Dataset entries

· · · · · · ·

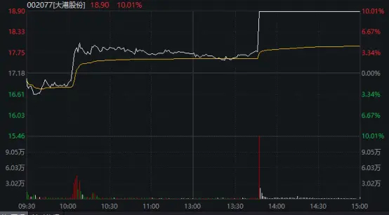 存储芯片概念继续保持活跃,部分个股午后异动。其中,大港股份(002077)在1分钟内直线拉升涨停。
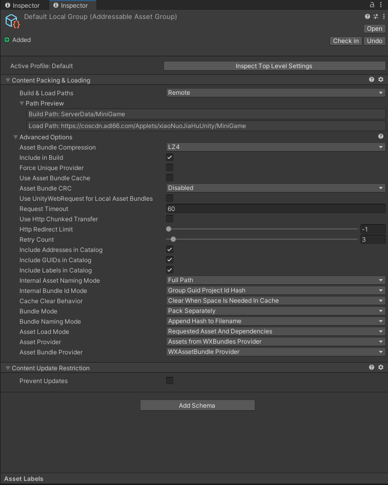 然后自己又照着微信的gitee案例教程步骤调整了一下导入了一下runtime那个代码,修改default local group 配置如图(使用Assets from WXBundles 的加载资源方式等)之后就没有加载成功了,偶尔还会报错找不到资源404。大家都用小游戏aa包加载吗?跪求求大佬解决
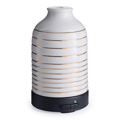 The Airome 100 mL Medium Ultrasonic Oil Diffuser works by using slight vibrations to emit a fine mist of cool water carrying your favorite scent. The medium 100 mL diffuser allows you to enjoy a mist of essential oils for up to 8 hours. Your choice of two settings of intermittent, which will run for 8 hours, or continuous, which runs for 4 hours. Diffuser automatically shuts off when water runs out.
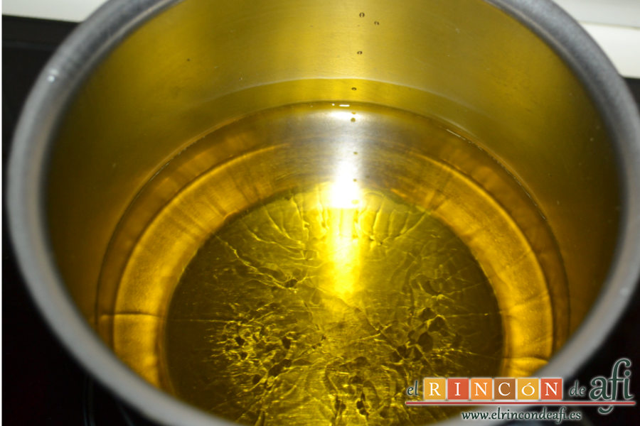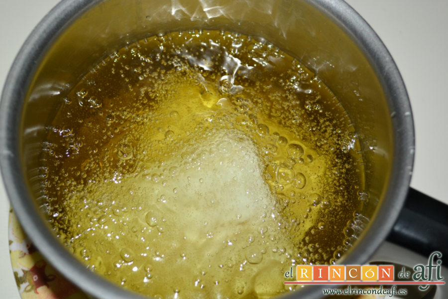 • El siguiente paso es calentar el aceite de oliva en un cazo hasta que esté bien caliente...
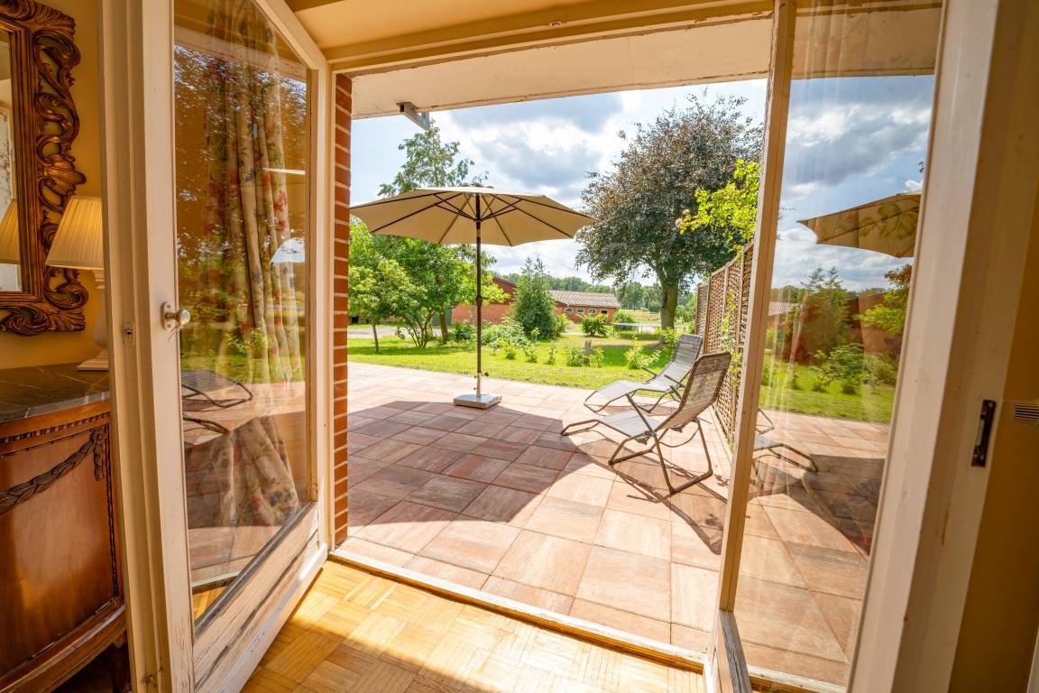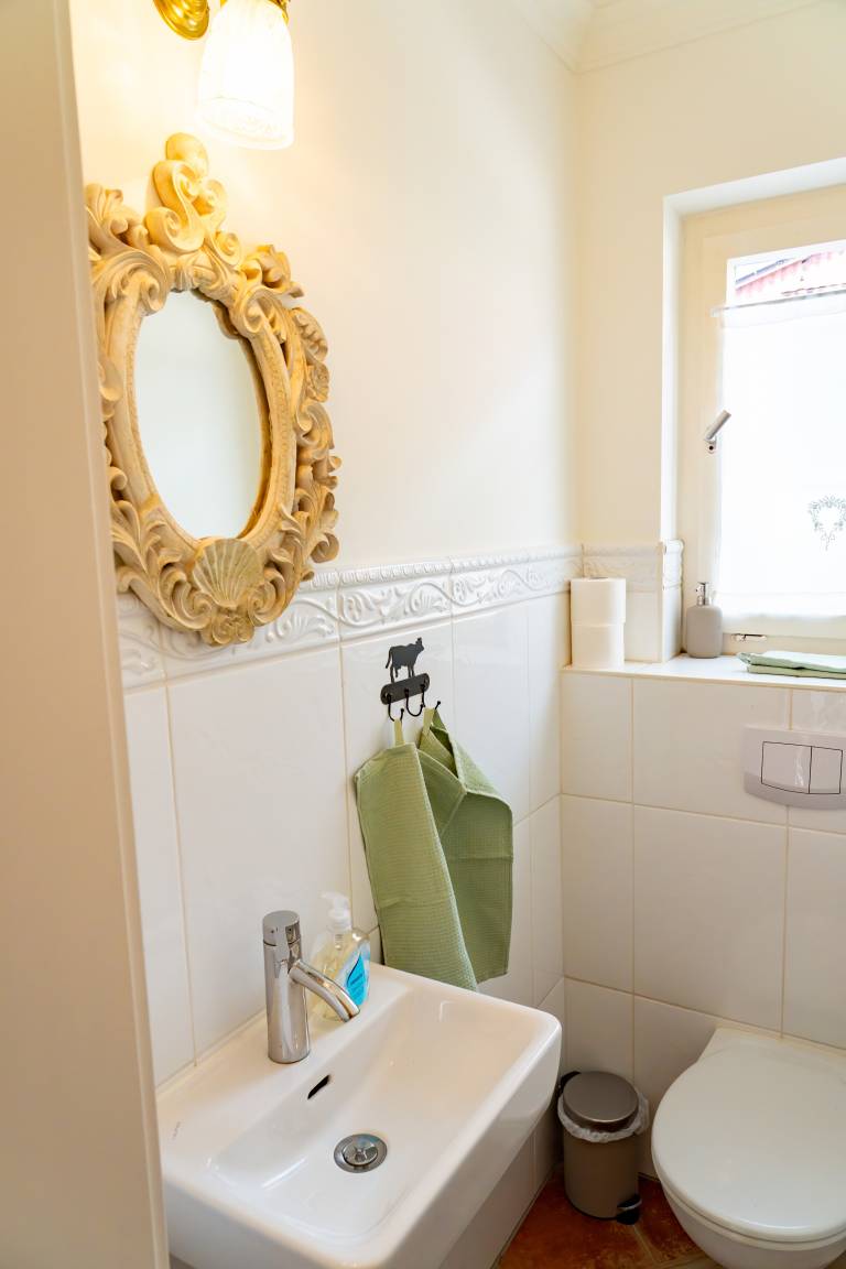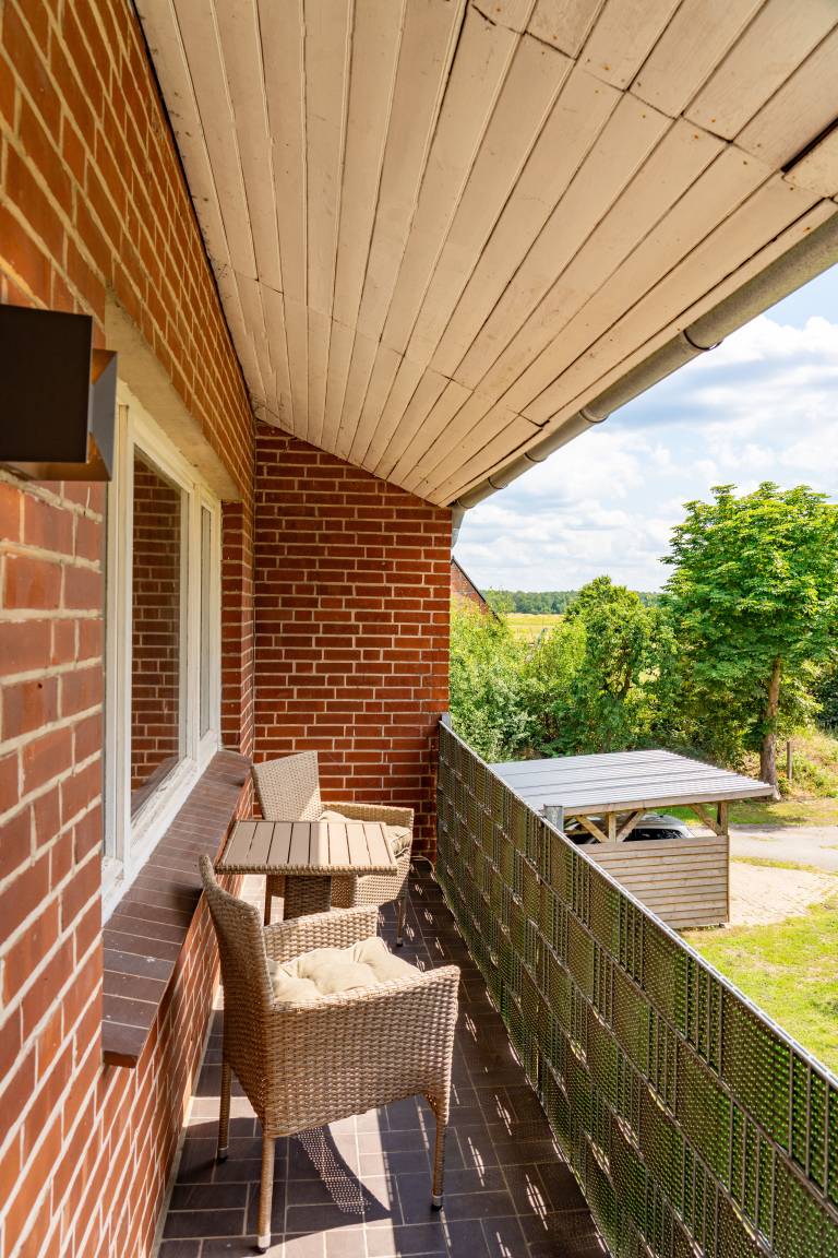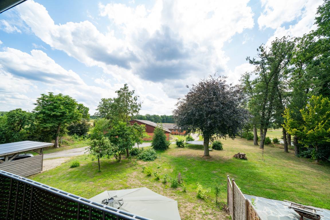 Von der großen Terrasse und dem Balkon blicken Sie ganz entspannt ins Grüne. Mit viel Liebe zum Detail und hochwertigen Antiquitäten eingerichtet, wurde hier auf großzügigen 120 qm ein Urlaubsparadies für Familien, Wanderer, Reiter, Jäger und Naturbegeisterte geschaffen.
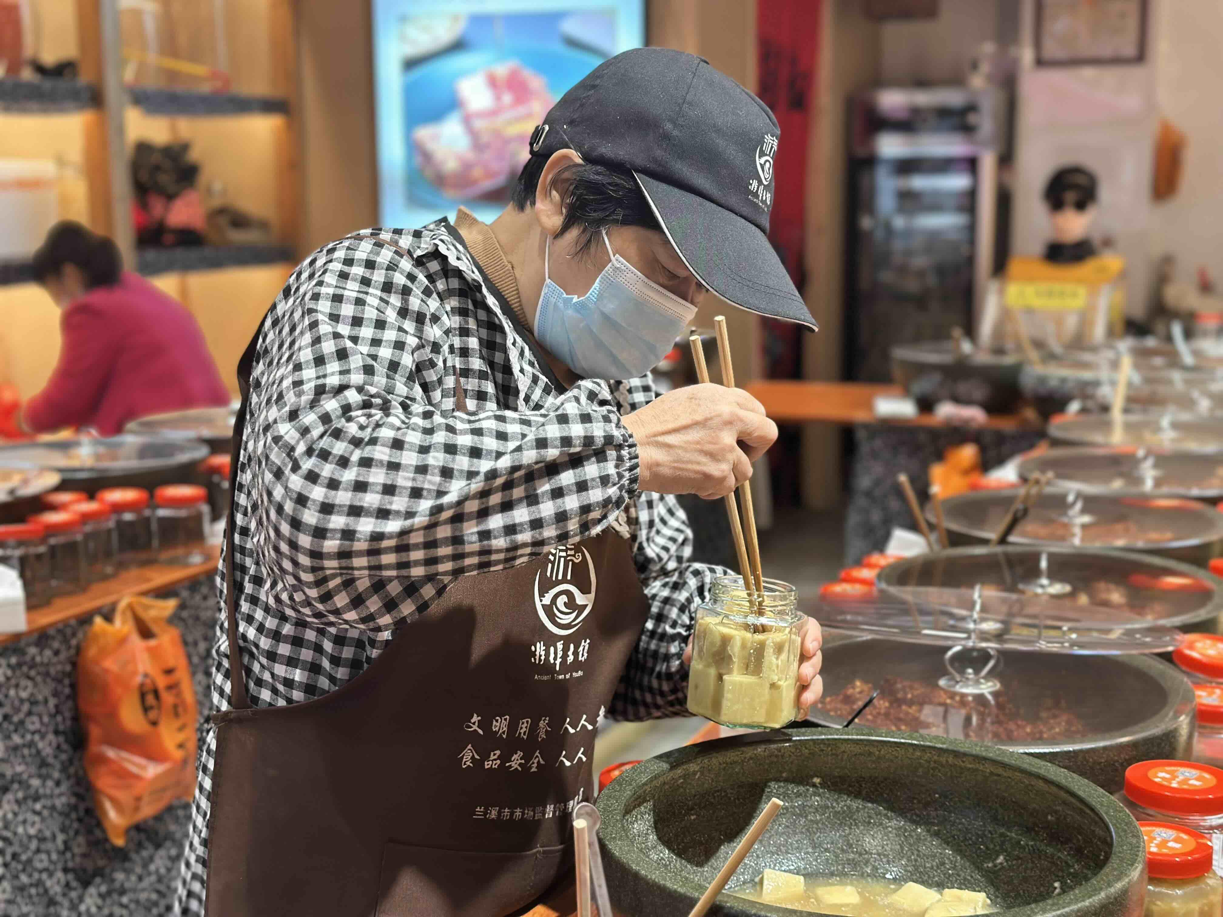 现在,古镇的餐饮业蓬勃发展,38家店铺林立,吸纳500余人就业,从传统小吃到创新美食,应有尽有。小吃虽小,却关乎民生福祉,也能成就一方产业。游埠镇党委副书记蒋有才介绍,为保持“游埠滋味”,政府搭建了小吃食材保供基地,同步链接兰溪本地蔬菜供应链,将农特产品以“订单”形式定点供应至老街餐饮店,美食产业形成了完整链条;同时,规范美食制作标准,对本地传统小吃进行改良创新、提档升级。兰溪市还专门成立美食发展中心,挖掘和发展美食产业,让烟火气升腾不息。

· · · · · · ·

> _What you will do_: Keeping the pictures out, print the entries above exactly as written.

> _Task result_:
 存储芯片概念继续保持活跃,部分个股午后异动。其中,大港股份(002077)在1分钟内直线拉升涨停。
 然后自己又照着微信的gitee案例教程步骤调整了一下导入了一下runtime那个代码,修改default local group 配置如图(使用Assets from WXBundles 的加载资源方式等)之后就没有加载成功了,偶尔还会报错找不到资源404。大家都用小游戏aa包加载吗?跪求求大佬解决
 The Airome 100 mL Medium Ultrasonic Oil Diffuser works by using slight vibrations to emit a fine mist of cool water carrying your favorite scent. The medium 100 mL diffuser allows you to enjoy a mist of essential oils for up to 8 hours. Your choice of two settings of intermittent, which will run for 8 hours, or continuous, which runs for 4 hours. Diffuser automatically shuts off when water runs out.
 • El siguiente paso es calentar el aceite de oliva en un cazo hasta que esté bien caliente...
 Von der großen Terrasse und dem Balkon blicken Sie ganz entspannt ins Grüne. Mit viel Liebe zum Detail und hochwertigen Antiquitäten eingerichtet, wurde hier auf großzügigen 120 qm ein Urlaubsparadies für Familien, Wanderer, Reiter, Jäger und Naturbegeisterte geschaffen.
 现在,古镇的餐饮业蓬勃发展,38家店铺林立,吸纳500余人就业,从传统小吃到创新美食,应有尽有。小吃虽小,却关乎民生福祉,也能成就一方产业。游埠镇党委副书记蒋有才介绍,为保持“游埠滋味”,政府搭建了小吃食材保供基地,同步链接兰溪本地蔬菜供应链,将农特产品以“订单”形式定点供应至老街餐饮店,美食产业形成了完整链条;同时,规范美食制作标准,对本地传统小吃进行改良创新、提档升级。兰溪市还专门成立美食发展中心,挖掘和发展美食产业,让烟火气升腾不息。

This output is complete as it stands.